Douglas St. John

Personal information
- Full name: Douglas Stuart St. John
- Born: 26 February 1928 Nelson, New Zealand
- Died: 11 July 1992 (aged 64) Ōtāne, Hawke's Bay, New Zealand
- Batting: Right-handed
- Role: Batsman

Domestic team information
- 1946/47–1950/51: Otago
- 1952/53–1955/56: Wellington
- FC debut: 1 January 1947 Otago v Auckland
- Last FC: 10 February 1956 Wellington v West Indies

Career statistics
| Competition | First-class |
| Matches | 34 |
| Runs scored | 1,236 |
| Batting average | 20.94 |
| 100s/50s | 0/5 |
| Top score | 88 |
| Balls bowled | 84 |
| Wickets | 0 |
| Bowling average | – |
| 5 wickets in innings | – |
| 10 wickets in match | – |
| Best bowling | – |
| Catches/stumpings | 21/– |
- Source: CricketArchive, 15 September 2009

= Douglas St. John =

New Zealand cricketer

Douglas Stuart St John (26 February 1928 – 11 July 1992) was a New Zealand sportsman who played field hockey for the New Zealand national team and first class cricket for Otago and Wellington between the 1946–47 and 1956–57 seasons. A right-handed batsman, St. John played 34 first-class matches, scoring 1,236 runs at 20.94 with five half-centuries.

==Career==
Doug St John was born at Nelson in 1928 and attended Otago Boys' High School, where he won the award for most improved player in the cricket team in his second-last year, 1944. He went on to study commerce at the University of New Zealand.

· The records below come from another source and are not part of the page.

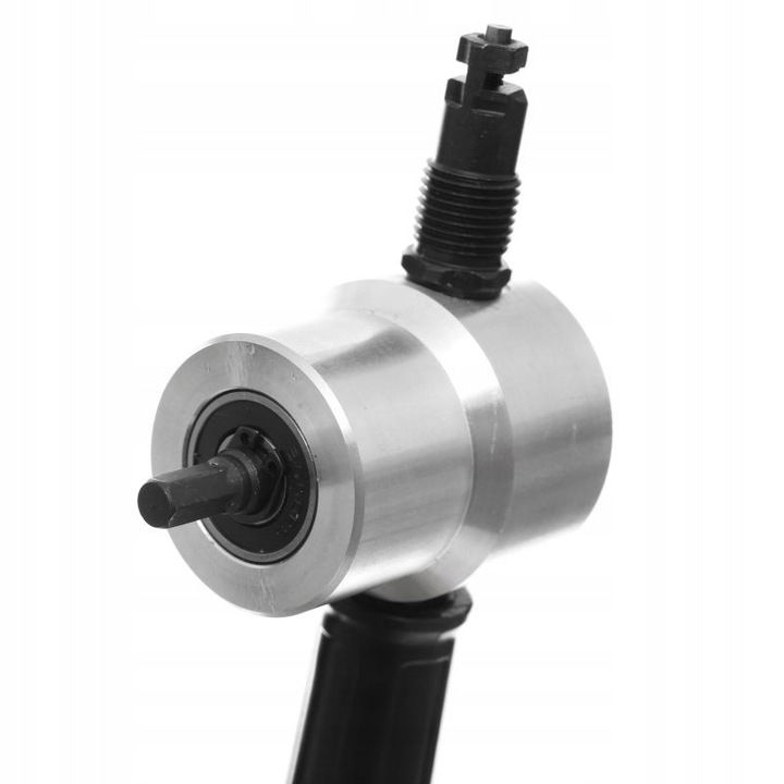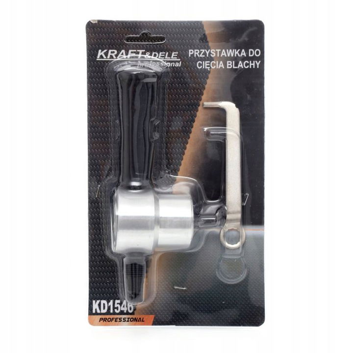 Przystawka do wiertarki mająca zastosowanie podczas cięcia blachy metalowej. Bardzo prosta konstrukcja i łatwość użytkowania. Przystawka działa na zasadzie rozdzieraka do blachy, gdzie specjalne ostrze napędzane obrotami wiertarki wykonuje ruch posuwisto-zwrotny rozdzierając blachę. Korpus przystawki wykonany z aluminium, mechanizm z utwardzanej stali. Sześciokątny trzpień napędowy.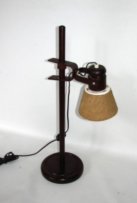 Schwedische Tischlampe, GB Solbackens Svarveri, 1970er Jahre Sie ist aus Holz und Kunststoff gefertigt. Die Lampe hat bewegliche Schirme und benötigt 1 E27 Glühbirne. Abmessungen: H.66cm Breite 30cm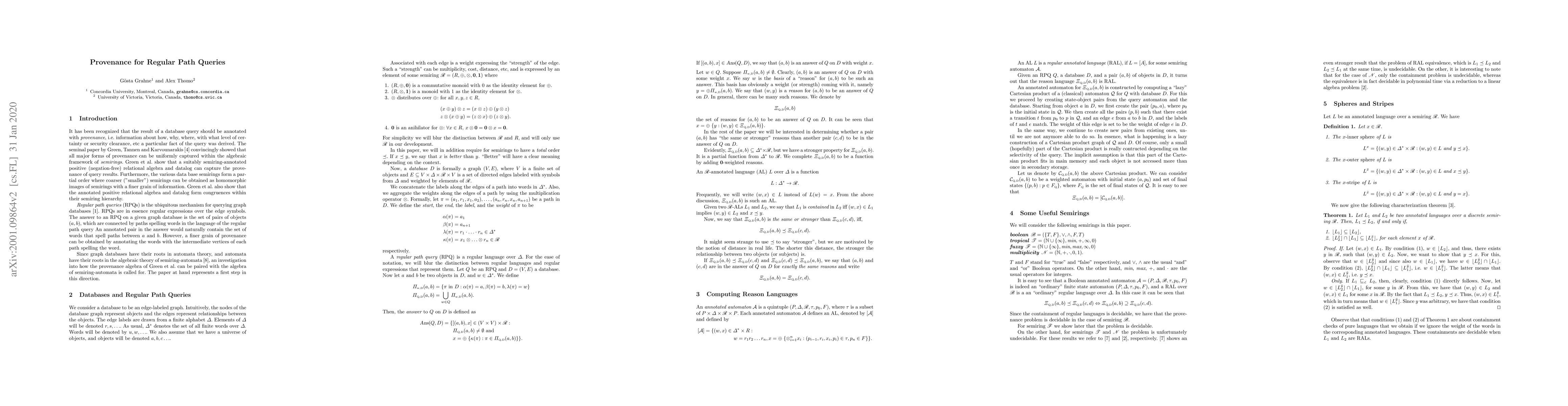 Regular path queries (RPQs) the ubiquitous mechanism for querying data graphs of partially known structure. RPQs are in essence regular expressions over the edge symbols. The answer to an RPQ on a given graph (database) is the set of pairs of objects, which are connected by paths spelling words in the language of the regular path query. Often the database edges come with a weights assoaciated to them. Such weights can distances, levels of discomfort, multiplicities, etc. We model weights using semiring frameworks.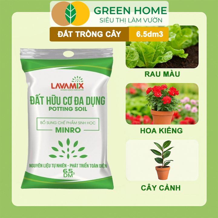 GIÁ SỈ SIÊU LỢI: Bao 6,5dm3 Giá chỉ còn 12k Số lượng: 200 bao Giá chỉ còn 14k Số lượng: 100 bao Đất trồng cây Lavamix, đất hữu cơ trồng rau, hoa, kiểng, tiện lợi, dễ sử dụng |Greenhome ĐẶC ĐIỂM NỔI BẬT: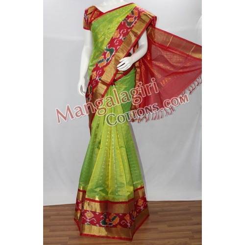Mangalagiri Pattu Saree (Cotton+Pattu Mix) with Zari Border. Saree comes with unstiched blouse piece. Weaving pattern:Thick weaving. Saree Length:6.2 to 6.4 meters(Which include blouse piece)

St. John made his debut on 1 January 1947, against Auckland. Batting at six for Otago, he scored 28 and 31, and took two catches but could not stave off a one wicket defeat. He went on to play two more matches that season; scoring eight and eight not out against Wellington on 31 January, six and 25 in a drawn game against the Marylebone Cricket Club on 25 March. He ended his first season with 106 runs from three matches at 21.20, with a best of 31.

At the start of the next season, St. John scored 85 and five not out against Wellington on Christmas Day. He would go on to play five matches in total, scoring a career-best 278 runs at 34.75, with two half centuries. He was selected to play for South Island in the match against North Island at the end of the season, scoring 47 and 63. His batting and sharp fielding in the match were noted, and he was named alongside John Reid as a promising player who might be selected to tour England in 1949.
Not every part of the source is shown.